Para comenzar, coloque un arpa de platino en un bote de pesaje cerca de la plataforma MEA. A continuación, cubra el arpa con unos tres mililitros de aCSF para reducir sus tendencias hidrofóbicas. Use unas tijeras para recortar aproximadamente 1.5 pulgadas de la punta estrecha de una pipeta de transferencia.
A continuación, utilice la pipeta modificada para recoger un trozo de cerebro de la cámara de retención de rodajas. Dispense suavemente la rodaja de cerebro y cualquier solución de la pipeta en el pozo del chip. Para colocar el corte correctamente, use un pincel suave para crear una corriente en la solución que empuje el corte de cerebro a los electrodos de grabación.
Con pinzas, coloque suavemente el arpa sobre el corte de cerebro con los hilos hacia abajo para presionar el corte en los electrodos de registro. Oriente el arpa de modo que el lado sin marco mire hacia la aguja de entrada y el marco del arpa no entre en contacto con ninguno de los electrodos de registro. Ahora tome una pipeta de desecho y retire el exceso de aCSF.
A continuación, toma una toallita antiestática, tuerce una esquina para crear una punta y utilízala para absorber el líquido cefalorraquídeo restante que rodea los electrodos de grabación sin tocar los electrodos de grabación, el corte de cerebro o el arpa. Con una pipeta de aCSF designada, agregue rápidamente unos dos mililitros de aCSF carbogenado para cubrir el corte de cerebro. Llene el pozo con aproximadamente tres mililitros de aCSF carbogenado hasta que esté aproximadamente tres cuartas partes lleno.
Luego, use un microscopio o una cámara para tomar una imagen de alta resolución del corte de cerebro en el chip MEA. Coloque los tubos de entrada y salida en el vaso de precipitados lleno de aCSF. Coloque la aguja de entrada cerca de la parte inferior del pocillo del chip, justo fuera de los electrodos de registro.
A continuación, coloque la aguja de salida cerca de la parte superior del pocillo de la viruta, hacia el borde, de modo que el líquido suba casi hasta el borde del pocillo de la viruta, unos cuatro mililitros. Ahora ajuste el flujo de entrada de perfusión a cinco mililitros por minuto y el flujo de salida de perfusión a siete mililitros por minuto. Encienda el flujo de entrada y salida.
Retire la aguja de entrada del pozo de la viruta hasta que comience a emitir solución en lugar de aire. Después de eso, vuelva a colocar la aguja dentro del pozo del chip.
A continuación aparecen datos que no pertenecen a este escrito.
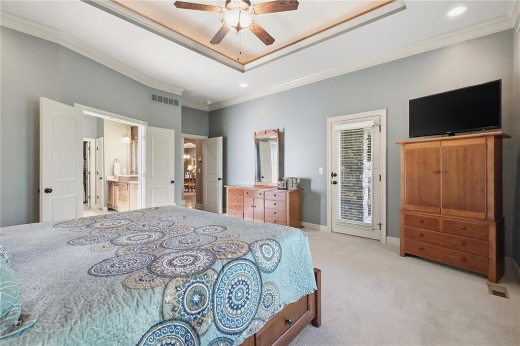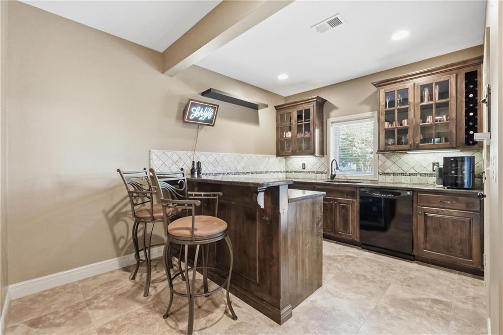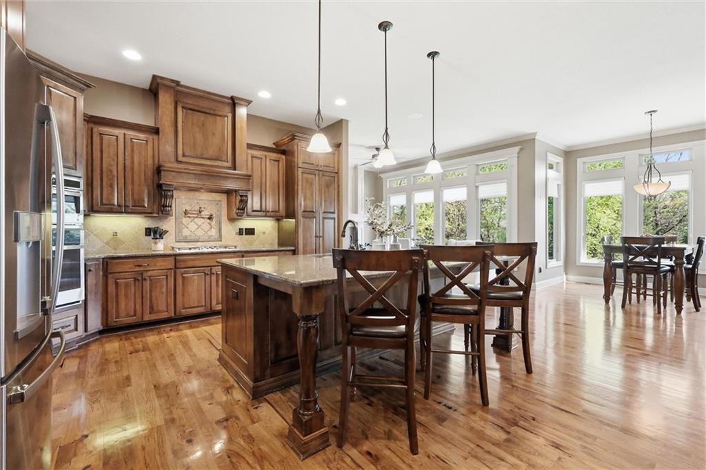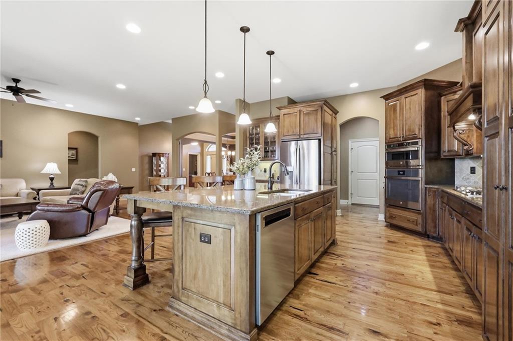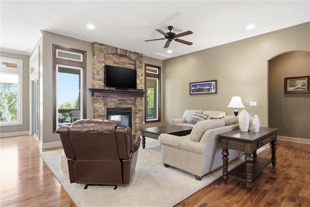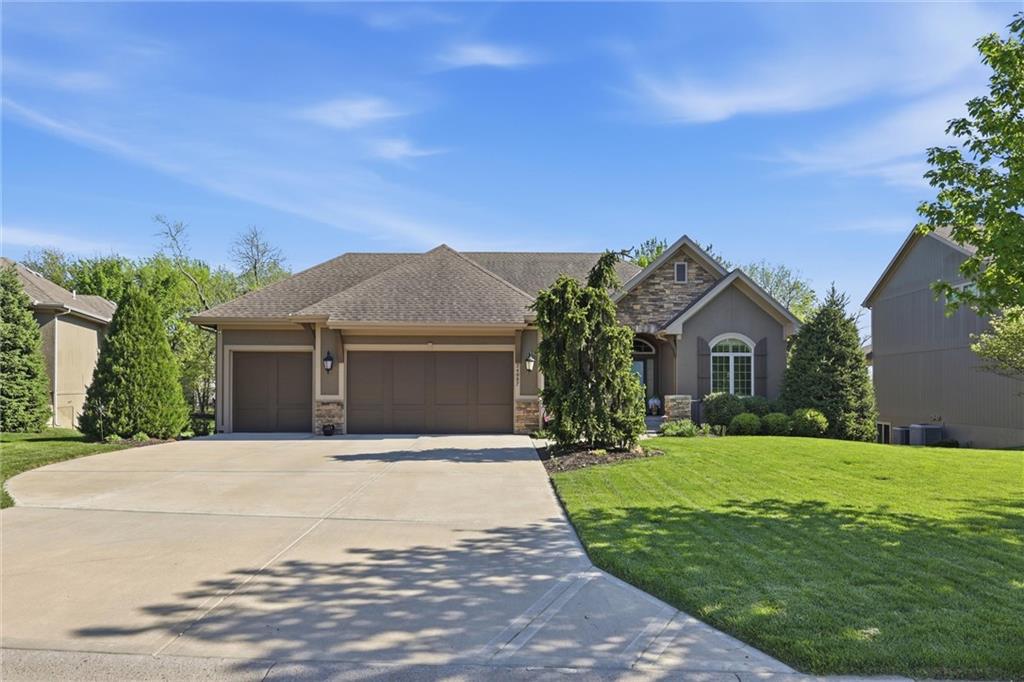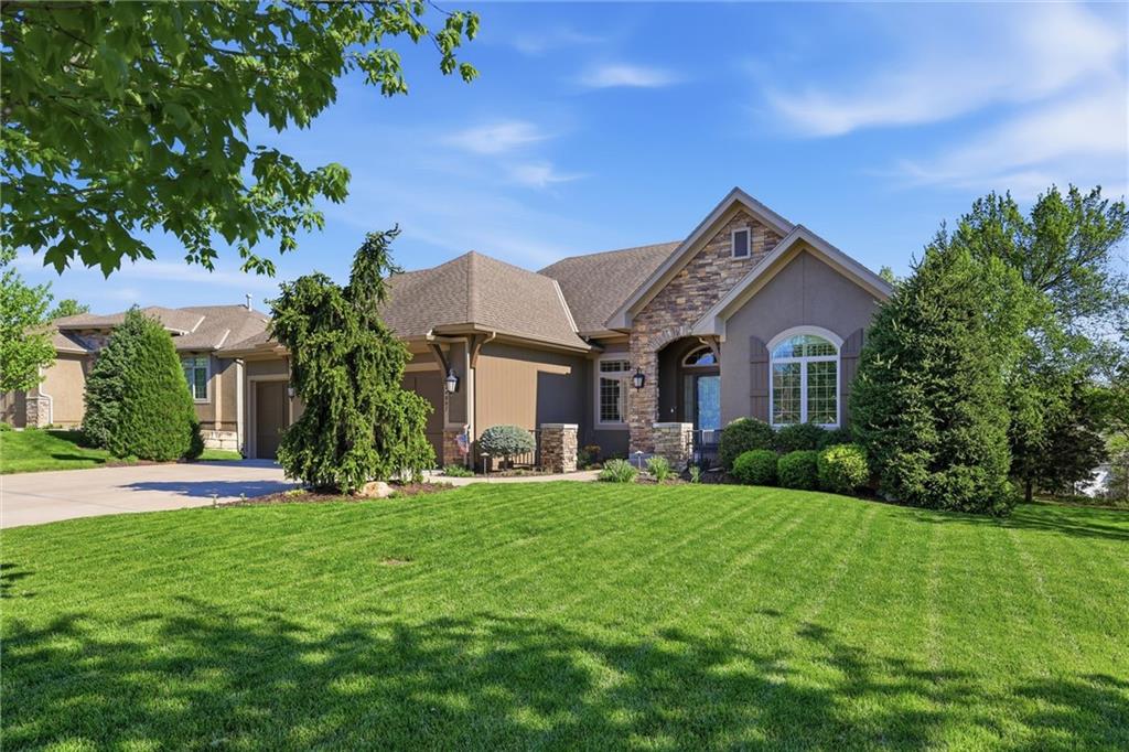 Don’t miss this beautifully maintained home designed for both everyday living and exceptional entertaining. Every bedroom features its own full bathroom, offering comfort and privacy for family and guests alike. The heart of the home is the stunning kitchen, complete with stained wood cabinetry, stone countertops, stainless steel appliances, a large island, and a walk-in pantry. The open layout flows seamlessly to the screened-in deck, where you’ll find a see-through fireplace with space for a TV—perfect for cozy evenings or hosting friends. The main level also offers a versatile second bedroom or office, along with an oversized laundry room for added convenience. The spacious primary suite is a true retreat, featuring a tray ceiling, private deck access, a large walk-in closet, and a luxurious en-suite bathroom with a soaking tub, separate shower, and double vanity with ample storage. Downstairs, the finished walkout basement is built for entertaining, complete with a fireplace, game room area, and a wet bar with stained cabinetry, sink, and dishwasher. Two additional bedrooms and two full bathrooms provide even more living space. Step outside to enjoy the extended patio, thoughtfully designed with an outdoor kitchen area, fire pit, and beautifully finished ceiling detail over the covered patio. The backyard also features professional landscaping and a tranquil water feature. The home is even prepped for a hot tub hookup. Car enthusiasts and hobbyists will appreciate the oversized three-car garage with a staircase leading directly to the basement. This home has been exceptionally cared for and is truly move-in ready—an incredible opportunity for its next owner.

Luego use un calentador de solución para mantener la solución a o cerca de la temperatura fisiológica, alrededor de 34 a 37 grados Celsius.
Deje que el aCSF se filtre sobre la rebanada de cerebro durante 10 minutos. Una vez transcurridos 10 minutos, mueva el tubo de salida al vaso de precipitados de desecho. A continuación, mueva el tubo de entrada al vaso de precipitados que contiene la solución proconvulsiva.
Deje que el aCSF no convulsivo se elimine del sistema de perfusión y se coloque en el vaso de precipitados de desecho durante 10 minutos. Finalmente, transfiera el tubo de salida al vaso de precipitados que contiene la solución proconvulsiva y déjelo circular hasta que finalice el experimento. Con frecuencia se observó una potente actividad electrográfica similar a una convulsión en las regiones neocorticales bajo los paradigmas de cero magnesio y 4-aminopiridina.
Las regiones del hipocampo mostraron más variabilidad entre los cortes de cerebro, con algunos demostrando una actividad similar a las convulsiones y otros mostrando descargas transitorias. La actividad neocortical bajo el paradigma de cero magnesio mostró mayor potencia en múltiples bandas de frecuencia en comparación con el paradigma de 4-aminopiridina. La actividad del hipocampo en el paradigma de cero magnesio demostró una mayor potencia en las bandas de alta frecuencia gamma en comparación con el neocórtex y ambas regiones cerebrales en el paradigma de 4-aminopiridina.